If you have a Facebook business page you know that Facebook isn’t  kidding when they say their motto is “move fast and break things.”  They will deliver changes and you will adapt. That’s life on the web and Facebook is throwing you into the deep end of the pool to learn to swim.  It’s true of all digital marketing.  You have to keep up with technological changes and with consumers who demand increasingly better experiences in mobile and social media.

But, it’s not just about incremental chance, it’s about revolutionary change.  Adapting to technological changes is the practice game.  The industries where most of the businesses did not revolutionize include music, printing, book and magazine publishing, travel—and if it hasn’t happened yet—bricks and mortar retail. The companies that survived and will continue to survive have generally not been the established ones.  Your industry could be next. But there is no reason why you can’t be a start-up if you establish the right mindset and a system that supports innovation.

 2.  If you attempt to make major shifts in the way you do business without a rigorous system for mitigating risk, you can lose your shirt.

The lean start-up model proposes a system that is foreign to many established businesses. You don’t perform expensive research. You don’t hire a team. You don’t rent office space. You don’t create a five year plan. You don’t start coding or buying for the perfect embodiment of your vision.  Because that’s high stakes gambling.

You create the MVP—the minimum viable product.  And you’d be surprised to discover how simple that product can be.  The point of this exercise is to get a model of your business in front of real potential customers and see what happens.  You create a prototype that could be little more than a PDF.  This is critical because it is the only way to test assumptions.  There is no point in asking people what they would do if . . . . because what people really do is quite another thing than either you, or they imagine.  Think small and think “test”.  There are so many aspects of your vision that you won’t know will work until you test, from the price to the experience.  The lean start-up model allows you to find the answers with a small, private group of people. Using the MVP approach, you find out if you are creating value for consumers before you build.  And that is the point of a business—to create value for consumers.
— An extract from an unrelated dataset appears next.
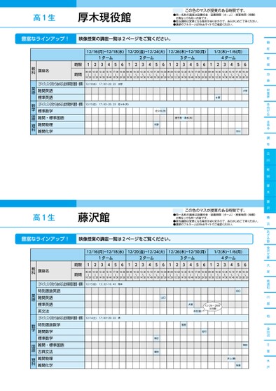 ●同一名称の講座は設置校舎・設置期間(ターム)・授業時間(時限)が異なっても同一内容です。●担当講師は変更になる場合がありますので、あらかじめご了承ください。●講師のフルネームはWebサイトでご確認ください。この色のマスが授業のある時限です。高1生●同一名称の講座は設置校舎・設置期間(ターム)・授業時間(時限)が異なっても同一内容です。●担当講師は変更になる場合がありますので、あらかじめご了承ください。●講師のフルネームはWebサイトでご確認ください。この色のマスが授業のある時限です。高1生麹町新宿池袋秋葉原自由が丘吉祥寺調布立川町田厚木藤沢横浜あざみ野金沢文庫大宮南浦和川越柏津田沼千葉水戸厚木現役館12/16(月)~12/18(水)12/20(金)~12/24(火)12/26(木)~12/30(月)1/2(木)~1/6(月)1ターム2ターム3ターム4ターム12345612345612345612345609:00〜10:3010:50〜12:2013:20〜14:5015:10〜16:4017:00〜18:3018:50〜20:2009:00〜10:3010:50〜12:2013:20〜14:5015:10〜16:4017:00〜18:3018:50〜20:2009:00〜10:3010:50〜12:2013:20〜14:5015:10〜16:4017:00〜18:3018:50〜20:2009:00〜10:3010:50〜12:2013:20〜14:5015:10〜16:4017:00〜18:3018:50〜20:20時限時間講座名12/18(水)17:00~20:20水野12/15(日)17:00~20:20佐々木(夫)【ダイジェスト】冬から始める入試対策英語(難関・標準)難関英語標準英語【ダイジェスト】冬から始める入試対策数学(難関・標準)標準数学難関・標準国語難関物理難関化学佐々木(夫)矢野鹿子島・清水(め)犬塚水野早川藤沢館12/16(月)~12/18(水)12/20(金)~12/24(火)12/26(木)~12/30(月)1/2(木)~1/6(月)1ターム2ターム3ターム4ターム12345612345612345612345609:00〜10:3010:50〜12:2013:20〜14:5015:10〜16:4017:00〜18:3018:50〜20:2009:00〜10:3010:50〜12:2013:20〜14:5015:10〜16:4017:00〜18:3018:50〜20:2009:00〜10:3010:50〜12:2013:20〜14:5015:10〜16:4017:00〜18:3018:50〜20:2009:00〜10:3010:50〜12:2013:20〜14:5015:10〜16:4017:00〜18:3018:50〜20:20時限時間講座名12/15(日)13:20~16:40岡本12/14(土)17:00~20:20堺【ダイジェスト】冬から始める入試対策英語(難関・標準)特別選抜英語難関英語標準英語英文法【ダイジェスト】冬から始める入試対策数学(難関・標準)特別選抜数学難関数学標準数学難関・標準国語古典文法難関物理難関化学犬塚木村(智)12/26~28の3日間福島岩村山口板谷福田田口税田井上(順)安達教科英語数学国語理科教科英語数学国語理科●2024年度/冬期講習/東日本/厚木/高1生/パターン14452024_57_3_332_31_20240710141135.csv/1ページ校了時削除

The largest startup in the world right now is Wal Mart Labs, a small, innovative group of people, operating outside the traditional structure of Wal Mart with the idea of finding a way to reinvent the online experience and integrate the online and offline experience of the world’s largest retailer.  Their “Get On The Shelf” program allows any vendor to upload a video of their product and the decision of whether it makes it into Wal Mart is based on crowdsourcing the decision through public voting.  It is an innovative idea for such a large retailer where the longstanding tradition is to put buying power in the hands of a few individuals. But, it seems, that they didn’t test the concept with real users before launching, because while the vision was admirable, as soon as it launched, it became apparent that finding a specific type of product would be nearly impossible, in spite of the availability of general categories.  The videos are not tagged and the site is not searchable.  At  least they tried something new.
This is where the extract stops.